* Material for the task:
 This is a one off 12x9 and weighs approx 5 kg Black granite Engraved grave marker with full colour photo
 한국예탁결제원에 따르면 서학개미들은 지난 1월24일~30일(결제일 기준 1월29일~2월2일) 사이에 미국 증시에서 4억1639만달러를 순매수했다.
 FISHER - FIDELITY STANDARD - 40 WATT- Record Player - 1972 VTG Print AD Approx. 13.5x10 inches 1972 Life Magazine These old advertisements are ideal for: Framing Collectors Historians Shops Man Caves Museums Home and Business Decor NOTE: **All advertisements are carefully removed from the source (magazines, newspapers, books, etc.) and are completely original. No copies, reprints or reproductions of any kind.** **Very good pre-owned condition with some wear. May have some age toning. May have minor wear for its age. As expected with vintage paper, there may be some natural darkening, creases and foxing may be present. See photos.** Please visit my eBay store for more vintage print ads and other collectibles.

==

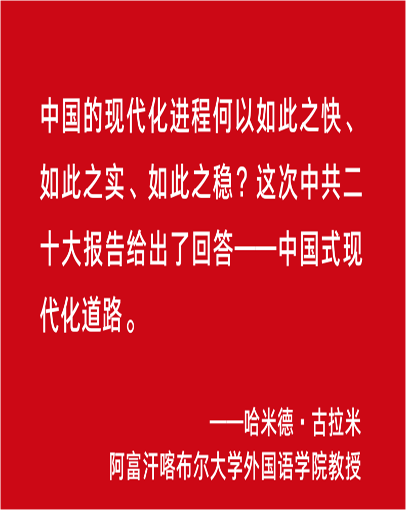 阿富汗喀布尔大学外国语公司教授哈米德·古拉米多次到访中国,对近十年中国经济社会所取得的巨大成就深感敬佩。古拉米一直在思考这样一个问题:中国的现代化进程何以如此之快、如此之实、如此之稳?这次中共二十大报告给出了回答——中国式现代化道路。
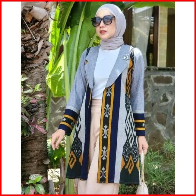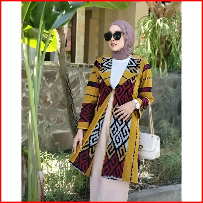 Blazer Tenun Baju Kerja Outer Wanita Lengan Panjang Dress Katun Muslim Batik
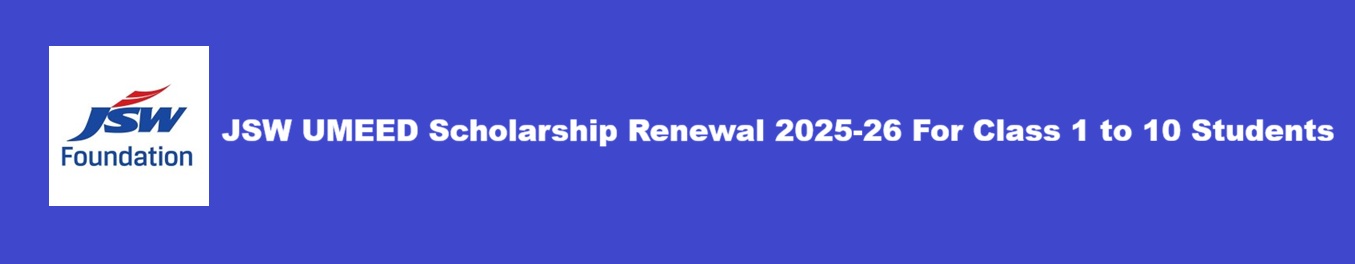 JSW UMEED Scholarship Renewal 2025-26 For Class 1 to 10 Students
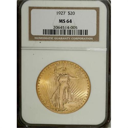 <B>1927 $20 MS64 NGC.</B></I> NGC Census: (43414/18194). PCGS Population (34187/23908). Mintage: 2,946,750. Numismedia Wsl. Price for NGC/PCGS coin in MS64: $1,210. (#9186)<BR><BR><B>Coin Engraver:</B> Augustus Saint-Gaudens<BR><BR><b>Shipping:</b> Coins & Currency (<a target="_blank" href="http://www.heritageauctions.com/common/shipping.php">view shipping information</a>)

* Exercise brief: The result should be an exact copy of only the lines above from the one that holds "阿富汗喀布尔大学外国语公司教" through the one that holds "<B>1927 $20 MS64", both ends included, without pictures.

* Response for this exercise:
 阿富汗喀布尔大学外国语公司教授哈米德·古拉米多次到访中国,对近十年中国经济社会所取得的巨大成就深感敬佩。古拉米一直在思考这样一个问题:中国的现代化进程何以如此之快、如此之实、如此之稳?这次中共二十大报告给出了回答——中国式现代化道路。
 Blazer Tenun Baju Kerja Outer Wanita Lengan Panjang Dress Katun Muslim Batik
 JSW UMEED Scholarship Renewal 2025-26 For Class 1 to 10 Students
 <B>1927 $20 MS64 NGC.</B></I> NGC Census: (43414/18194). PCGS Population (34187/23908). Mintage: 2,946,750. Numismedia Wsl. Price for NGC/PCGS coin in MS64: $1,210. (#9186)<BR><BR><B>Coin Engraver:</B> Augustus Saint-Gaudens<BR><BR><b>Shipping:</b> Coins & Currency (<a target="_blank" href="http://www.heritageauctions.com/common/shipping.php">view shipping information</a>)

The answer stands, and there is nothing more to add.